В этой сказочной истории я играла роль обманщицы, злой феи, которая одурманила Спящую красавицу и заставила ее уколоть палец о веретено. Мне казалось, что, объяснив Джине, что в замужестве нет ничего плохого, я отняла у нее что-то важное.
Пока я спускалась по ступеням на улицу, меня преследовал запах лилий. У меня закружилась голова, и я постояла немного на свежем воздухе. Вдруг мой телефон, у которого я заблаговременно отключила звук, зажжужал в кармане, словно злобная оса. Я не стала отвечать на звонок и пошла в глубь Холланд-парка. В японском садике нашла скамейку, на которой и устроилась. Мне хотелось немного побыть одной. Чем бы там ни грозили отношения с Иваном моему браку, я все равно считала, что мне нужно снова его увидеть. Я сидела и любовалась спокойной гладью японского пруда, в центре которого величественно возвышался белоснежный камень: хранитель более вдумчивого и одухотворенного образа жизни. Телефон снова завибрировал, и я очнулась. Звонил Иван.

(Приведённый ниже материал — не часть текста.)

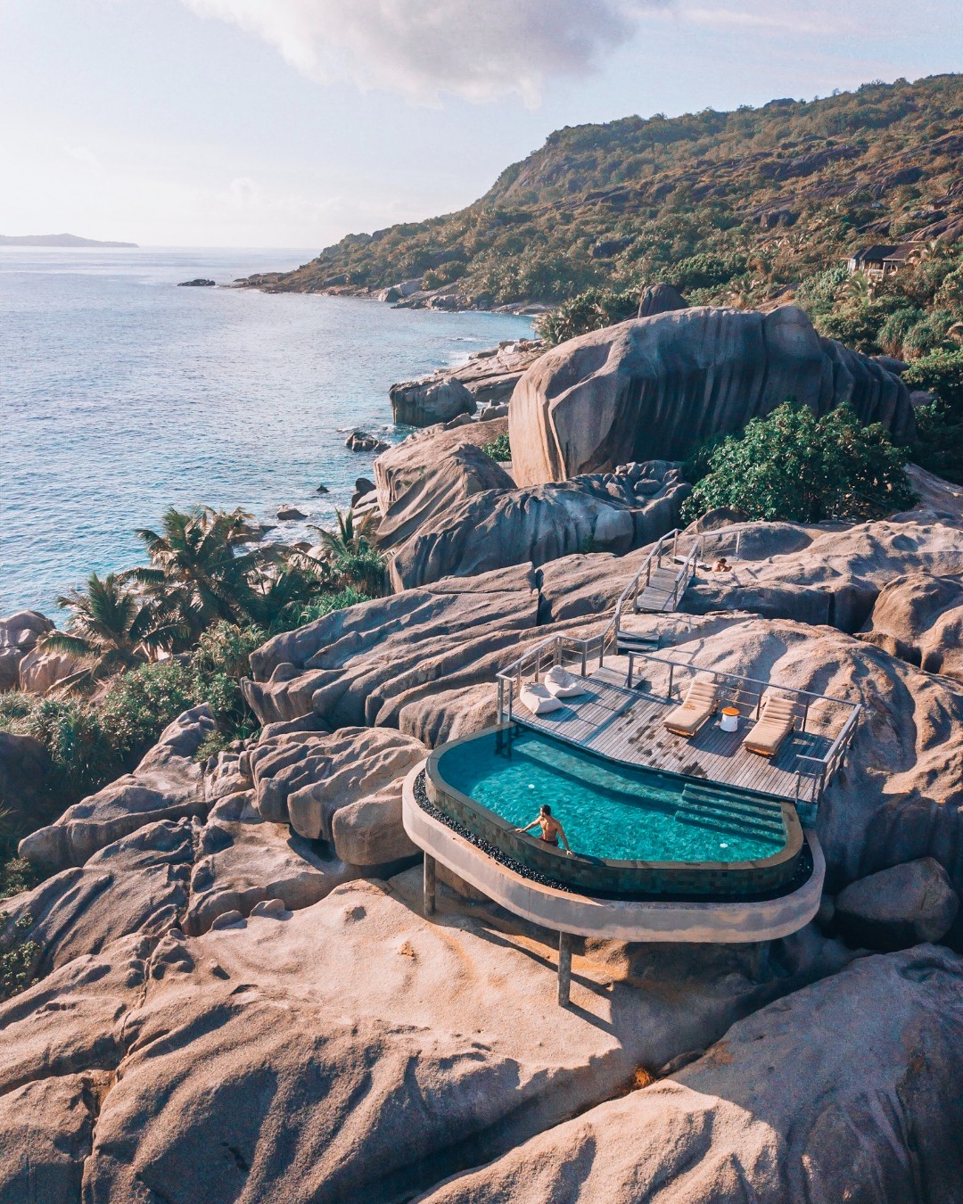 - Five spa pavilions among natural boulders with yoga and serene pools
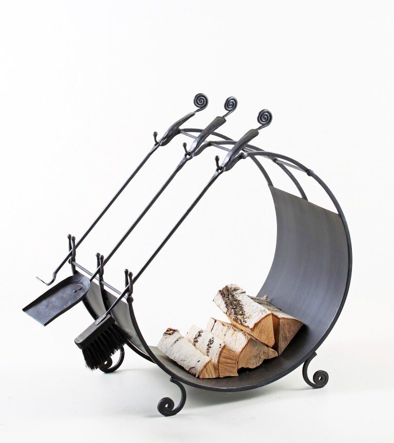 Kovaný koš na dřevo s krbovým nářadím DOSTAVNÍK

— Давай встретимся, Хло, — сказал он. — Я хочу провести с тобой одну, последнюю ночь. Я так по тебе тоскую.
— Знаю. Я тоже, — призналась я.
Его голос грел мне душу. Мне хотелось просто лежать в его объятиях и слушать его рассказы про Россию. Вот это-то мне и нравилось больше всего — даже больше секса — чувство, что из своего мира я переношусь в совсем другой, жизнь в котором все еще бурлит и вибрирует всем богатством возможностей.
Сворачивая на нашу улицу, я из окна машины увидела бегущую куда-то Мадж. Она смеялась и разговаривала сама с собой. Может, безумие стало для нее убежищем, единственным способом спастись от невыносимой тоски реальной жизни? «Наверное, — подумала я, — есть вещи, от которых оправиться просто нельзя: от смерти любви — легко, от смерти ребенка — никогда».
Дома, к моей огромной радости, никого не оказалось, так что за двадцать минут я быстренько приняла душ, переоделась, навела марафет и вышла из дома, чтобы встретиться с Иваном в пригородном отеле. В процессе приготовлений мне позвонила Рути и, узнав о моих планах, выразила свое неодобрение. Однако затем сменила гнев на милость и даже согласилась взять к себе на ночь Лео и Китти.
— Это ведь типично, — вздохнула она. — Последний штрих, последняя прощальная встреча с предметом своей любви. Только следи, чтобы не было передоза.